> _EXERCISE_: Your reply should reproduce the data below without a single alteration, apart from dropping the images.

> _DATA BELOW_:

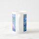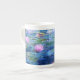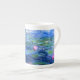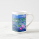 Un lys d'eau rose Monet dresse une tasse de porcelaine d'os avec de belles nénuphars roses flottant dans un étang bleu calme avec des nénuphars. Un grand cadeau Monet pour les amateurs d'impressionnisme et d'art français. Impressionnisme nature serein avec de belles fleurs et paysage d'étang pittoresque.
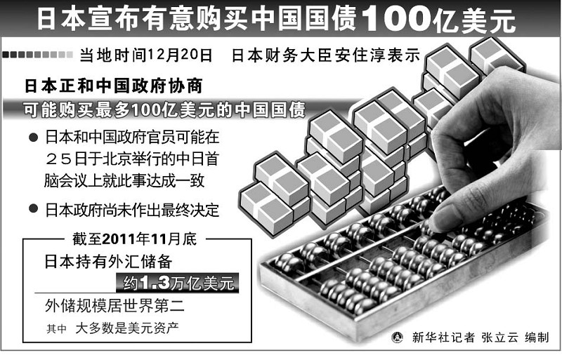 ·日本宣布有意购买中国国债100亿美元
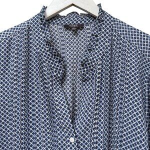 NYDJ Womens Blouse Plus Size 2X Blue Print Tunic Top Ruffle Long Sleeve NWOT
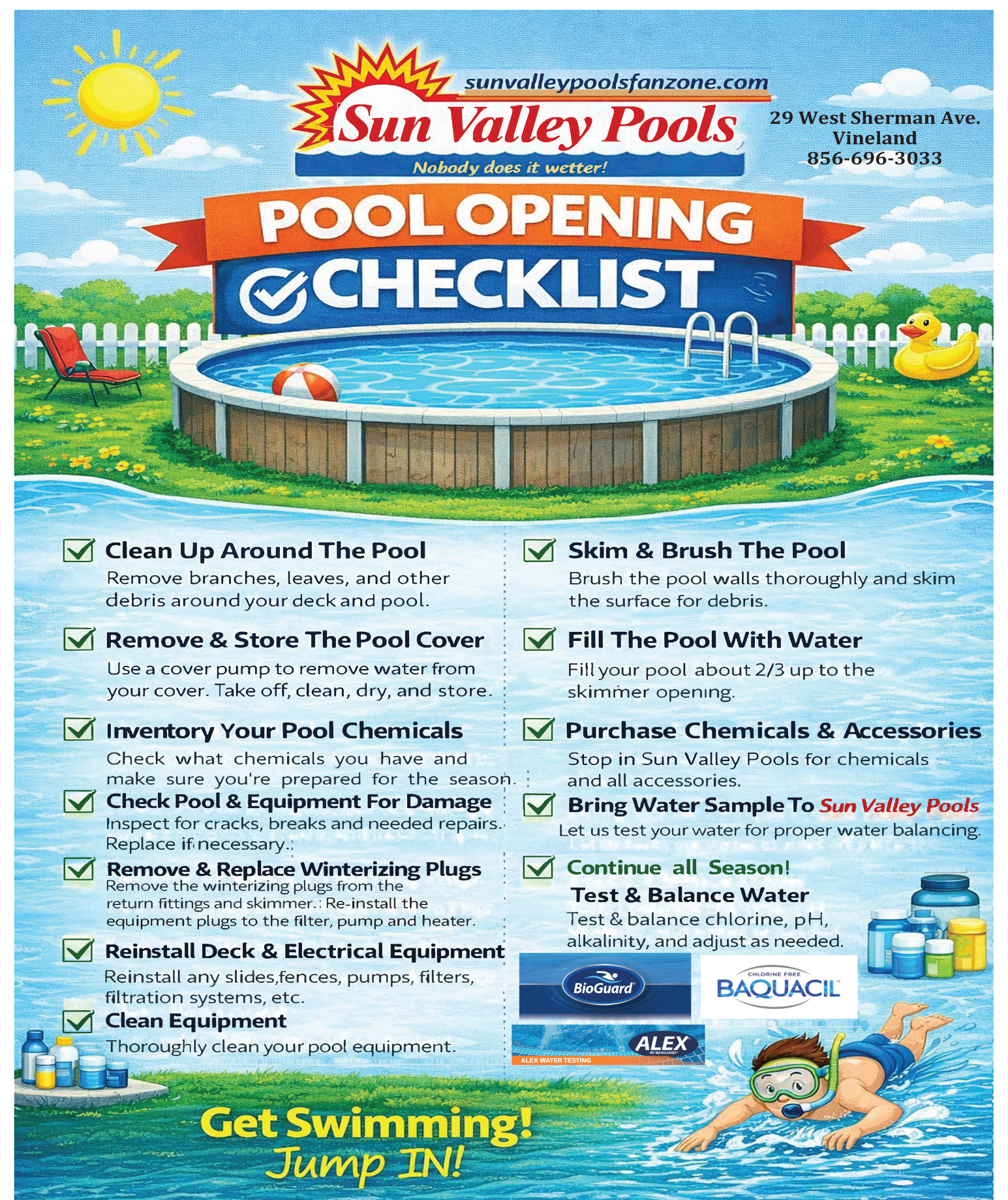 Sun Valley Pools and Fanzone has been servicing the tri-state area since 1980. We are a Bioguard® Platinum pool and spa chemical dealer and an expert authorized Baquacil® dealer. Come see how Sun Valley Pools and Fanzone can add some fun to your back yard!

> _REPLY_:
 Un lys d'eau rose Monet dresse une tasse de porcelaine d'os avec de belles nénuphars roses flottant dans un étang bleu calme avec des nénuphars. Un grand cadeau Monet pour les amateurs d'impressionnisme et d'art français. Impressionnisme nature serein avec de belles fleurs et paysage d'étang pittoresque.
 ·日本宣布有意购买中国国债100亿美元
 NYDJ Womens Blouse Plus Size 2X Blue Print Tunic Top Ruffle Long Sleeve NWOT
 Sun Valley Pools and Fanzone has been servicing the tri-state area since 1980. We are a Bioguard® Platinum pool and spa chemical dealer and an expert authorized Baquacil® dealer. Come see how Sun Valley Pools and Fanzone can add some fun to your back yard!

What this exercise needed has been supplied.